The Burden of Production and Proof. In cases in which the government does not have to prove that the defendant acted willfully, however, Congress could decide to recognize a mistake of law defense and place the burden of production and proof on the defendant.[16] In that event, a mistake of law defense would become an issue in a case only if the defendant raises the defense—which a defendant could be required to assert before trial[17]—and also only if he or she presents evidence that is sufficient to allow the trial judge to conclude that a reasonable jury could find in the defendant’s favor on that proof.[18] The government would not be required to disprove a mistake-of-law defense in its case-in-chief, although the government could do so rather than wait for its rebuttal case.
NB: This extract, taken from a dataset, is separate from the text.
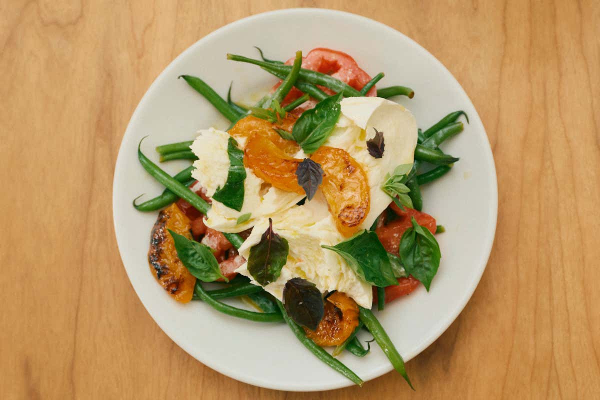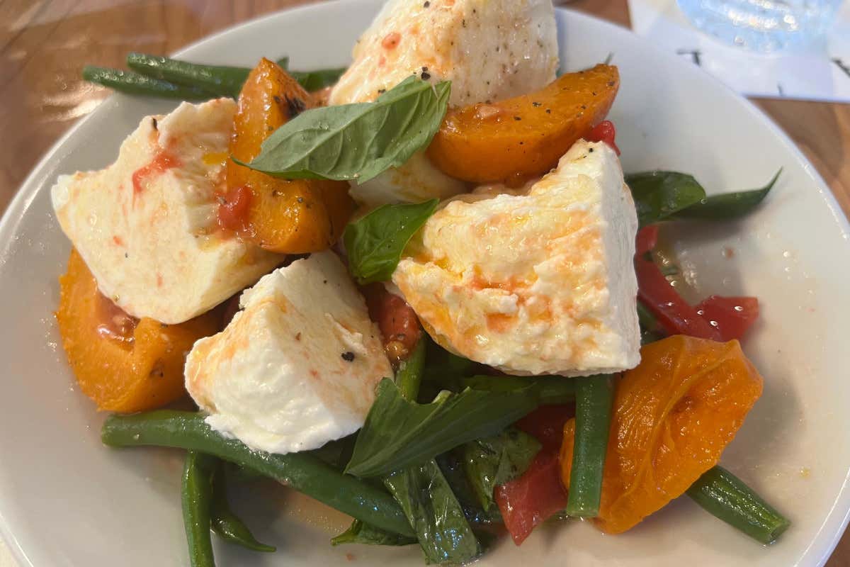 ABC: mozzarella di bufala Borgoluce con albicocca arrosto, pomodoro e fagiolini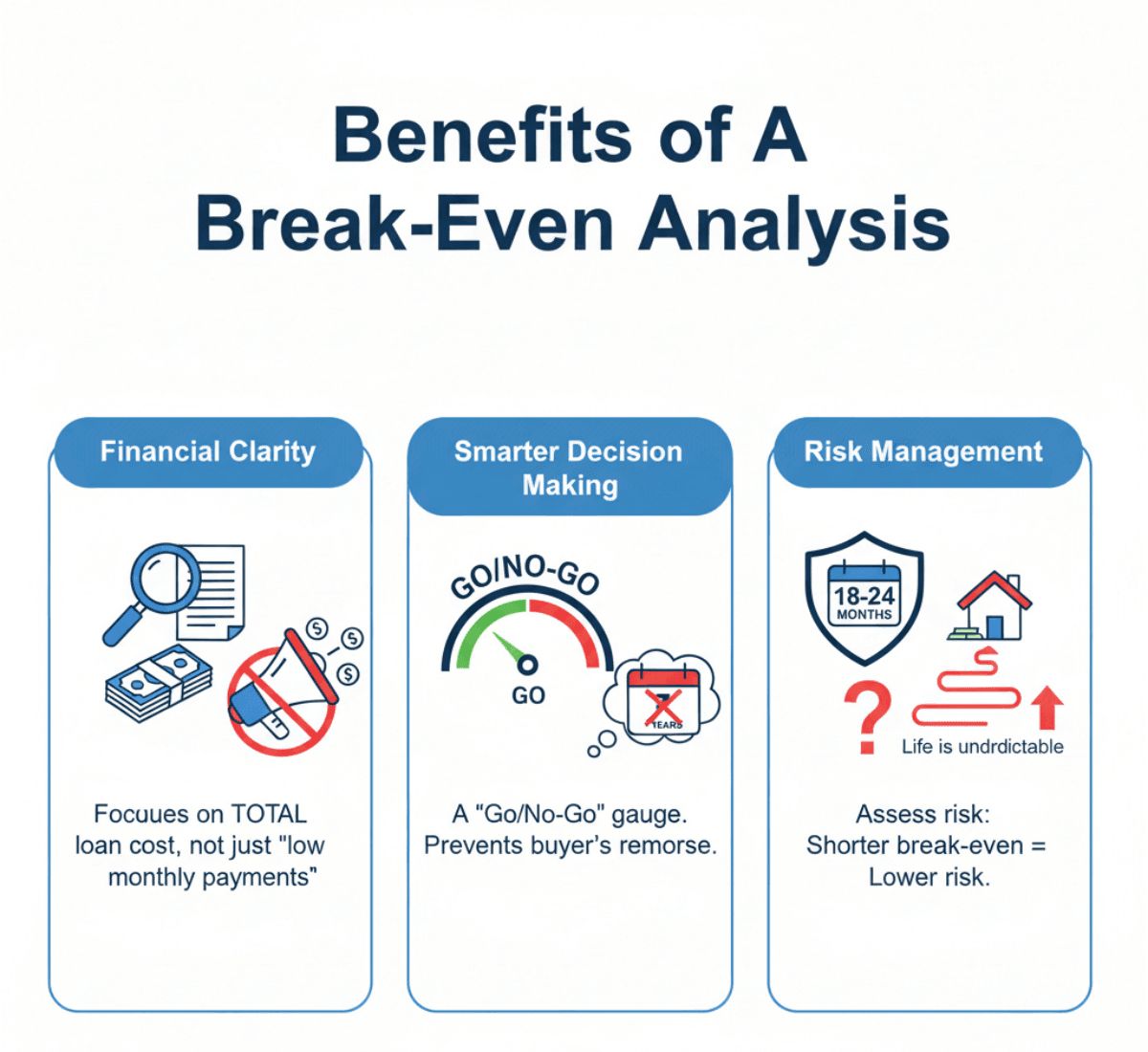 Risk Management: Life is unpredictable. Jobs change, and families grow. By knowing your break-even point, you can assess your risk. A shorter break-even, like 18 to 24 months, is low risk because it's easier to predict your life two years out than ten years out.

If Congress fears that a mistake defense would allow a scallywag to escape justice, it could place the burden of proof on the defendant.[19] If the defendant did not carry his or her burden, the trial judge would not instruct the jury on the defense.[20]

Conclusion

A mistake of law defense should exculpate morally blameless parties without creating a loophole for miscreants. Both goals are attainable by using a reasonableness standard and by allocating the burden of production and proof to the defendant. So applied, a mistake of law defense would be a reasonable addition to the criminal law and would help to ameliorate the serious problems created by overcriminalization.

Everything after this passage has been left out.